Emerging Adulthood: Our Second Adolescence or Rationalized Laziness?
The realization that the world expects you to be an adult, or at least act like one, takes a long time to sink in. Plenty of middle-aged people I know are still reverberating from the shock. It’s especially hard for us, as a generation bred on the idea that you can achieve anything if you set your mind to it, now entering the world during an economic recession, to accept this fight for entry-level jobs as adulthood.
According to Arnett, we’re not just lazy, fickle and spoiled; the brains of Twentysomethings are simply not developed enough to choose the right career path and the right romantic partner on the first try. We’re not failures if nothing seems to be the right fit. All of our uncertainty might be completely justified, and we might be doing the right thing by delaying the important decisions and commitments. But not everyone is buying it.

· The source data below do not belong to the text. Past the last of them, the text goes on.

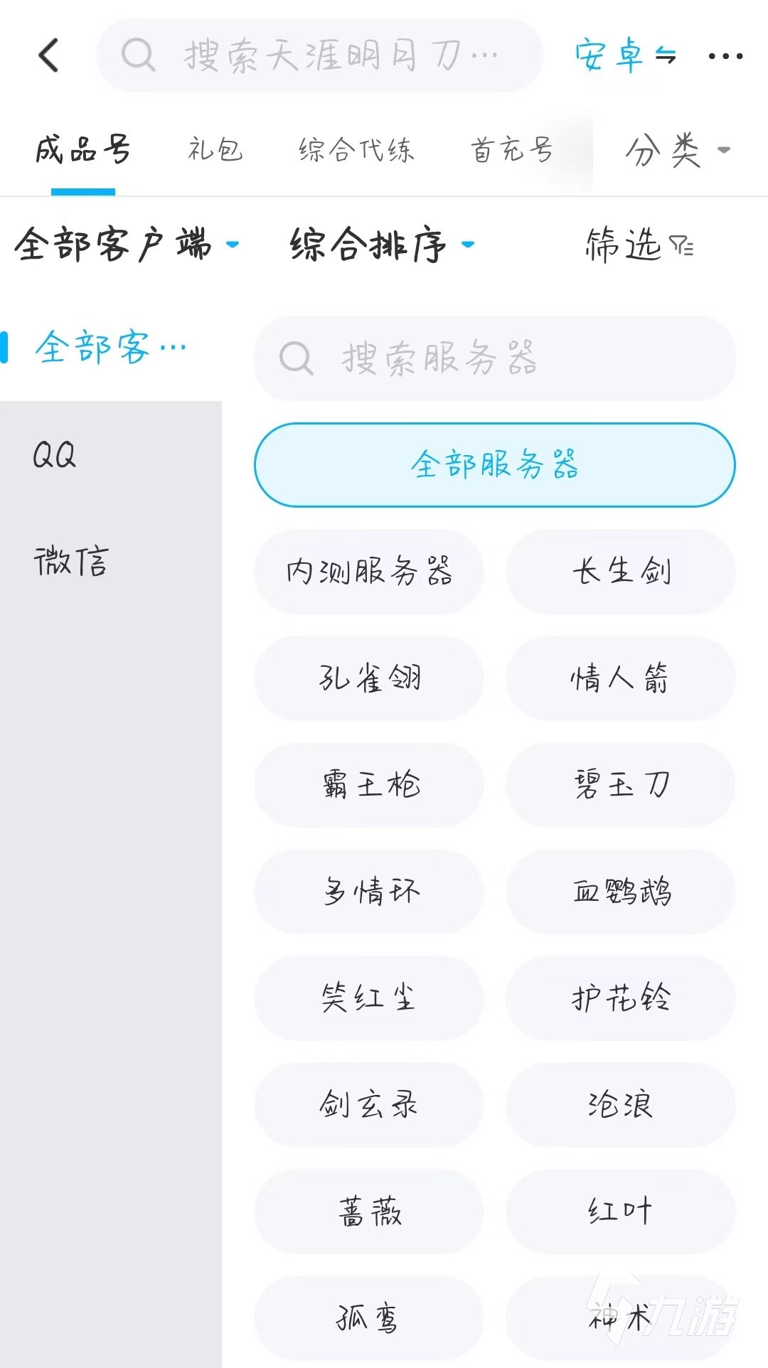 大家只需要在搜索欄輸入天刀,就可以看到對應(yīng)的游戲?qū)^(qū)。點擊進入,就能看到大量的用戶發(fā)布的出售賬號的帖子。這個時候大家可以進行一個系統(tǒng)的初步篩選??梢赃x擇是安卓賬號還是蘋果賬號,可以選擇是微信端還是QQ端,還可以選擇區(qū)服信息,非常詳細。
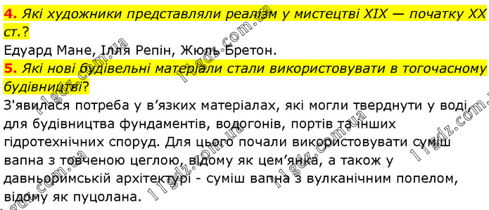 4. Які художники представляли реалізм у мистецтві XIX — початку ХХ ст.? Едуард Мане, Ілля Репін, Жюль Бретон. 5. Які нові будівельні матеріали стали використовувати в тогочасному будівництві? З'явилася потреба у в’язких матеріалах, які могли тверднути у воді, для будівництва фундаментів, водогонів, портів та інших гідротехнічних споруд. Для цього почали використовувати суміш вапна з товченою цеглою, відому як цем’янка, а також у давньоримській архітектурі - суміш вапна з вулканічним попелом, відому як пуцолана.
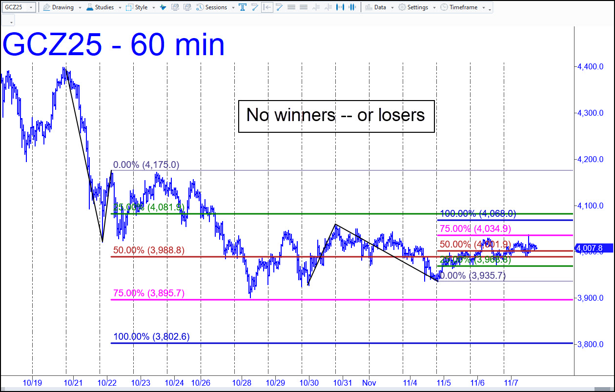 I don’t usually post charts that display more than a single ABCD pattern, but the one shown gives a clear picture of how very unclear gold traders and investors are at the moment. Neither the large bearish pattern nor the small bullish one produced a decisive move through p, muddying the question of whether the next significant move will be up or down. Bears have a slight edge, I’d say, but it’s based on technical trivia that’s not worth explaining. For now, the worst-case target if the futures break down is still 3802.60, representing a 5% drop on top of the 8.5% loss since October 20, when Gold recorded an all-time high at 4398. ______ UPDATE (Nov 10, 12:47 p.m. EST): The futures have broken out above late October’s peaks. Trust this rally when it pushes above more important peaks ranging up to 4175.00 recorded between Oct 22-26.
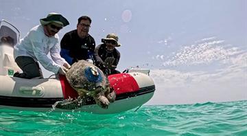 | أطلقت محمية الأمير محمد بن سلمان الملكية برنامج التتبع المباشر لحركة السلاحف صقرية المنقار والسلاحف الخضراء عبر الأقمار الصناعية، وذلك في أول عملية موثقة لتركيب جهاز تتبع لسلحفاة خضراء حاملة للبيض في مرحلة ما قبل التعشيش في البحر الأحمر.
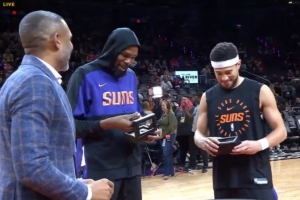 體育資訊1月29日訊?昨天太陽的比賽,美國男籃總經(jīng)理格蘭特-希爾向杜蘭特和布克頒發(fā)了巴黎奧運會的冠軍戒指。
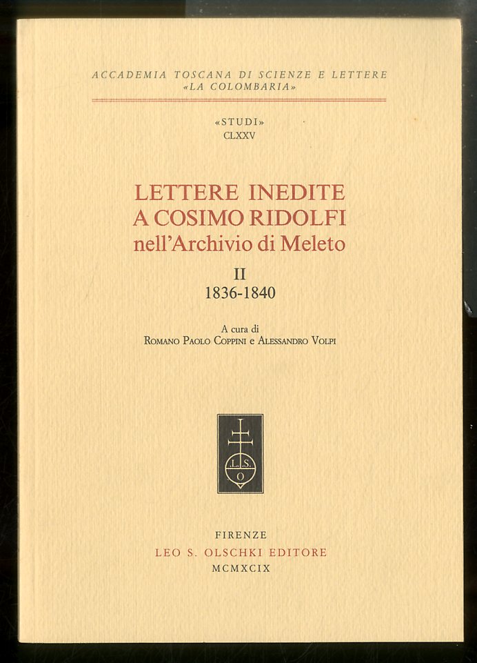 LETTERE INEDITE A COSIMO RIDOLFI NELL’ARCHIVIO DI MELETO VOL. II 1836/1840 – LS
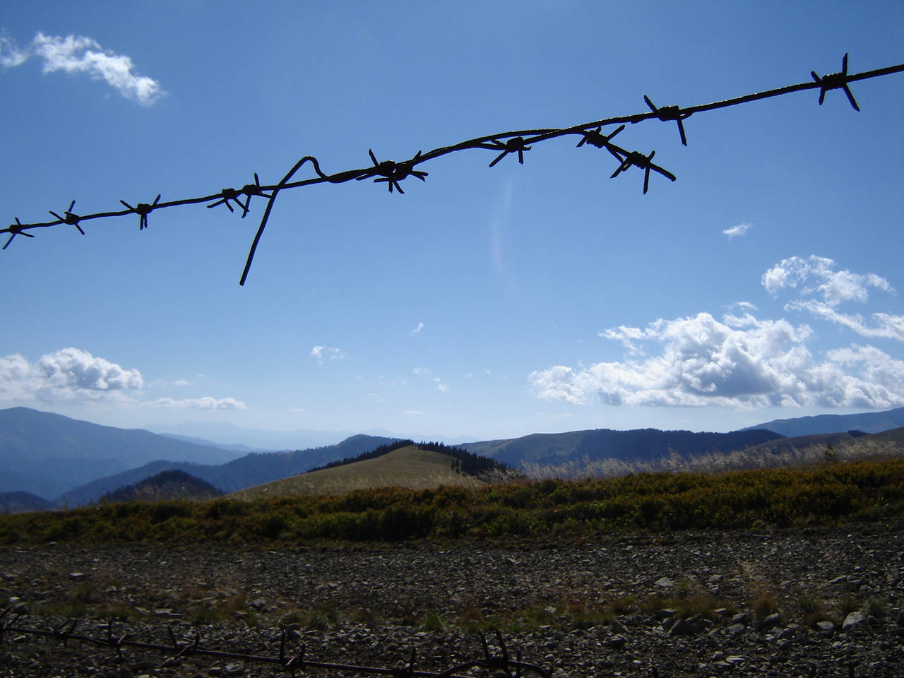 Странно все-таки идти по горам, искусственно отделенным от таких же людей (только говорящих на другом языке) «колючкой». Столбики портят ландшафт, который без них воспринимается как одно целое.
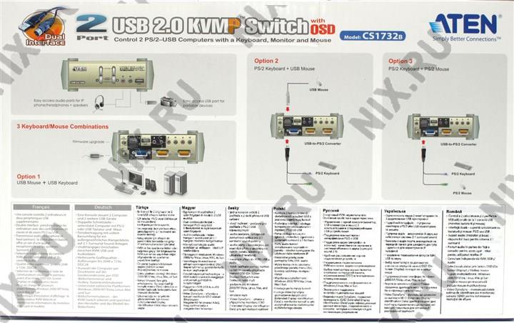 | Комплект поставки | 2 кабеля KVM, конвертер USB - PS/2, кабель для обновления встроенного программного обеспечения |
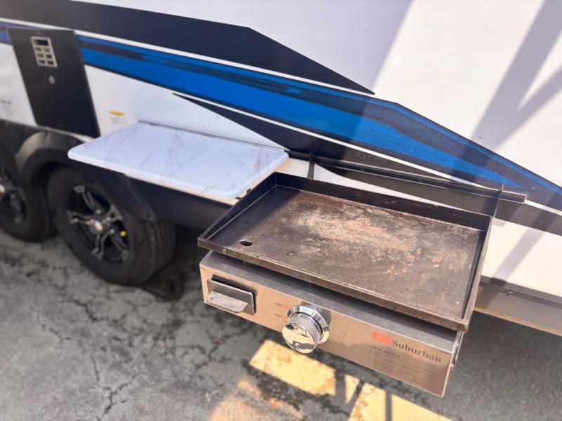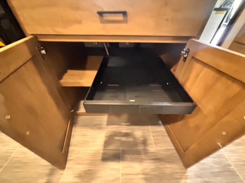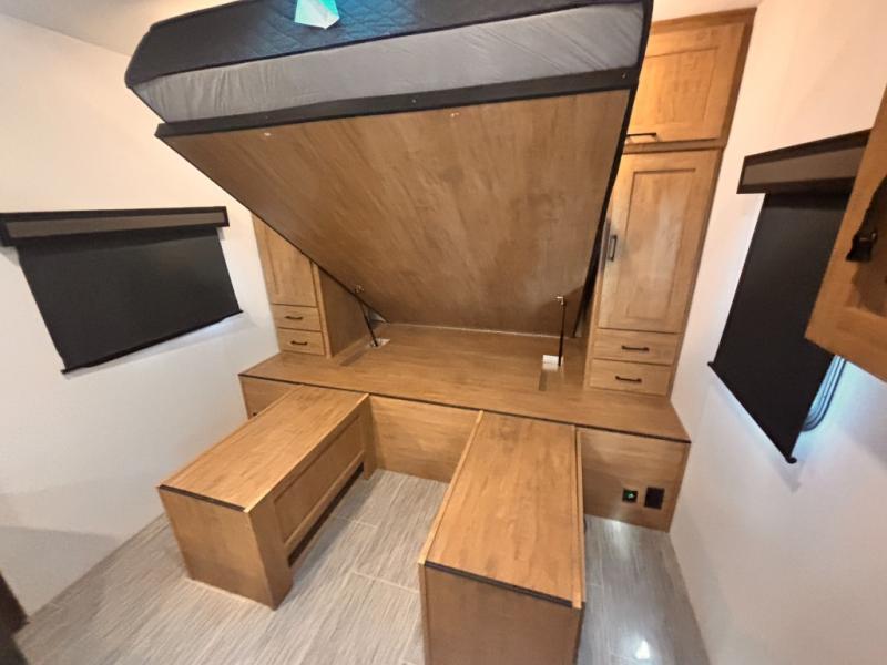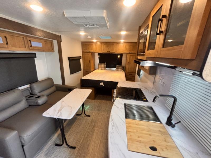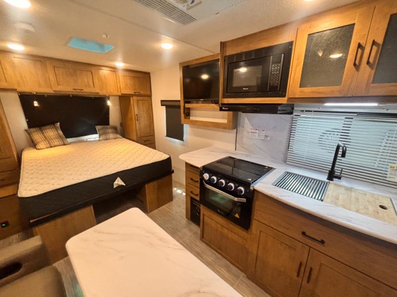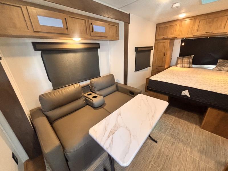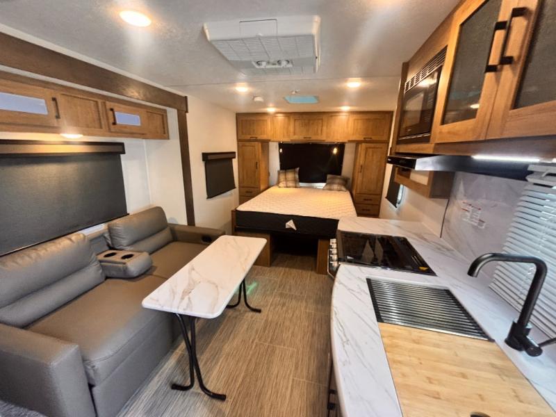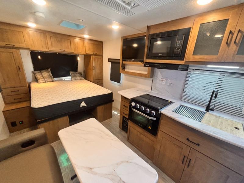 This is the perfect couple's trailer to take to the lake every other weekend. You will enjoy your own queen bed up front that includes vaulted under-bed storage for your luggage. The sofa slide out with a free-standing table provides a place to relax and dine together, and if you have an overnight guest, they can sleep here. The chef can prepare meals on the three burner cooktop or in the microwave oven, and there is a stainless steel sink for easy clean up. This model also includes a full bath with a linen closet for clean towels, and a 32" radius shower with a skylight for more standing space.
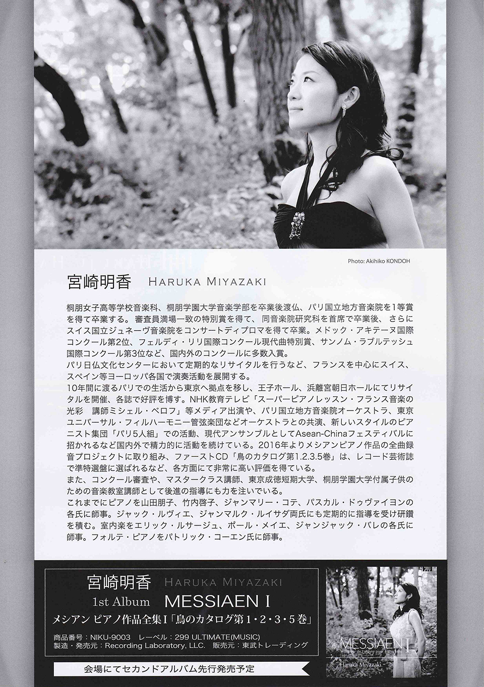 「メシアンピアノ作品全集Ⅰ 」CD発売記念 宮崎明香 サロンコンサート |
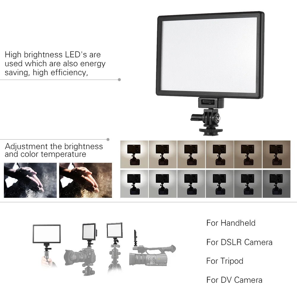 --- Вы можете регулировать яркость и цветовую температуру бесступенчато. Подходит для портретов, детей, свадеб и т. Д., обеспечивает идеальный и долговечный заполняющий свет при съемке и записи.
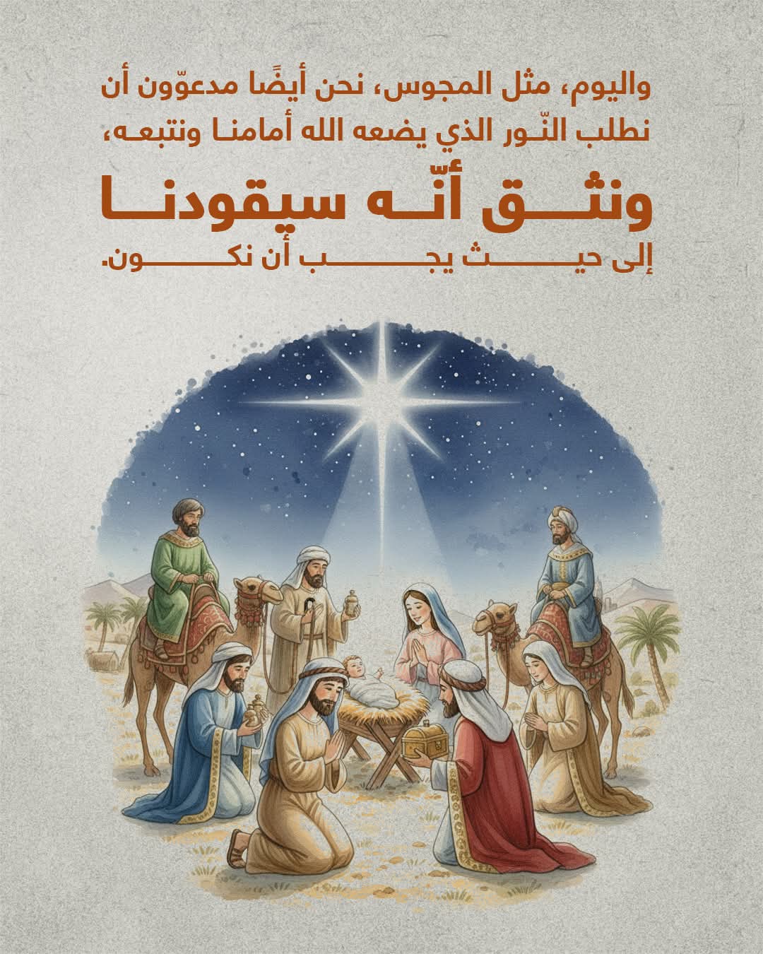 So Abadir arose and left Alexandria, pondering, "Where is Mother Irai in relation to that place?" He kept saying, "Will God forget us in the place of our foreignness? My Lord Jesus Christ told me, 'I will tell you what will happen to you in the city of Alexandria.'" While the blessed Abadir was praying, his body had no strength left for the ascetic practices he was undertaking. Then the place where he was standing was completely illuminated, and he saw a hand from the midst of the light pointing at him. He followed it and went out to wake his sister, but the Savior did not allow him to do so, but said to him, "Do not disturb her now." So he went out, trembling because of the voice that was following him. The Savior said to him: “Listen to me; get up so that you and your sister may go to the south of Egypt, for that place has already been blessed by my Father. Go along the beach of the river, and after five days you will reach Tarnut (now called Tarana in the Beheira Governorate), where you will cross the river. Then go south from that place to reach the fortress of Babylon, where you will ask for Abakragun (al-Batnuni), the monk from Banwan, and he will teach you the good struggle.
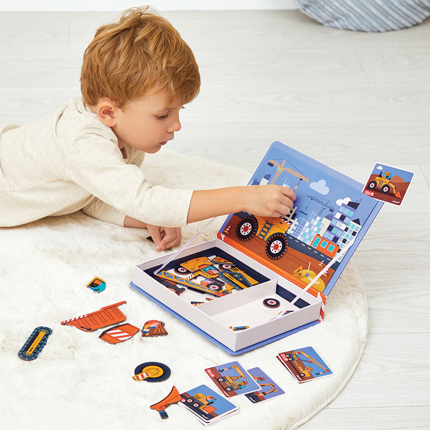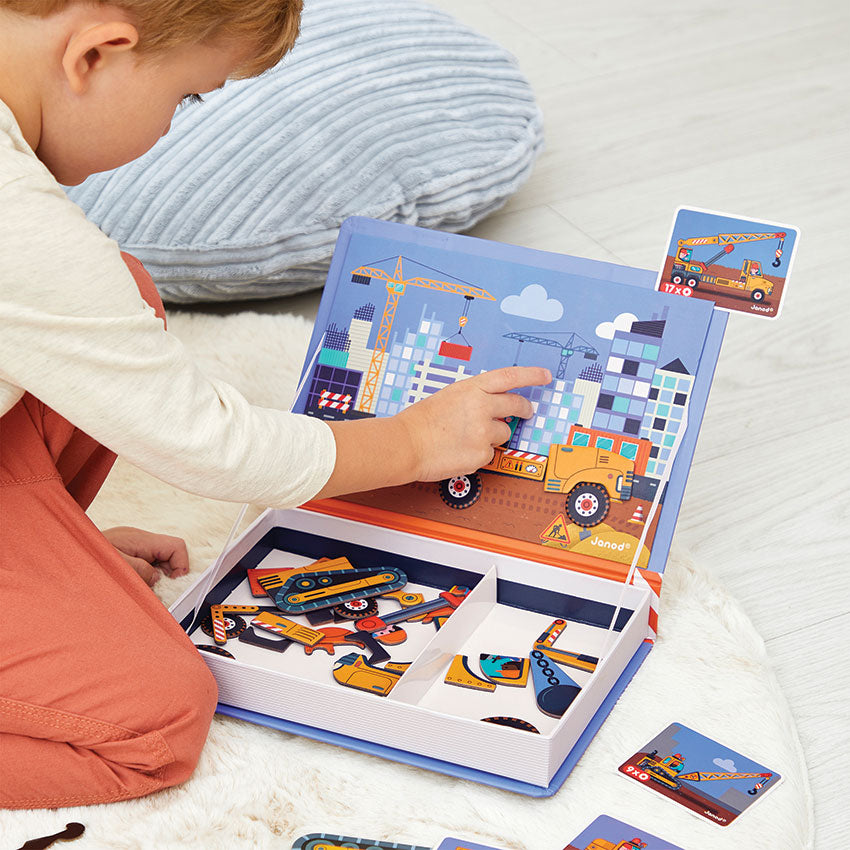 Get ready to build and create with the Janod Magnetic Book ? Construction Edition! The town is expanding, and it?s up to the construction team to make it happen. Featuring 50 vibrant magnets and 18 engaging template cards, this activity allows you to recreate classic construction vehicles such as cranes, bulldozers, jackhammers, and diggers. Or, mix and match the magnets to design your own imaginative creations!

One of the main arguments against the validity of emerging adulthood as a developmental stage is the fact that it may be a specifically American problem. In the Times article, Marantz Henig quoted Richard Lerner, Bergstrom chair in applied developmental science at Tufts University, as saying, “To qualify as a developmental stage, emerging adulthood must be both universal and essential.”
To the skeptics, the complications of finding oneself are the luxury crisis of kids growing up in a society that will reach out to catch them when they fall, through social programs as well as through a general cultural acceptance of the fact that young people will make mistakes and take time to figure out what they’re doing with their lives.
The pressure attached to important life decisions is made greater as life expectancy goes up, and as the opportunities available increase in number and variety. Growing up to take over the family business is counter-intuitive to a world where a college kid can make billions by building a social networking site; it’s hard to choose one path when an infinite number are open.
We’re terrified of wasting time, because if you change careers over and over again, starting from the bottom every time, you never get past mid-level. We all want to go far and be good at something. We watched “Reading Rainbow” as children and think we can take over the world.
If our paralyzing fear is born of our upbringing, reconciling the childhood years spent being spoon-fed optimism with the shock of the limitations of reality, then emerging adulthood doesn’t fit into the textbook definition of a developmental stage. But that doesn’t make the prospect of moving back into your parents’ house after college any less terrifying, or the decision between grad school and a job any easier to make.
The real question isn’t whether we feel this way because of our brain chemistry or because of society, but whether making allowances for our aimless wandering will help or hurt us. Will taking the time now to figure out what we really want to do save us from a mid-life crisis later, or is that simply a lame excuse for the unmotivated?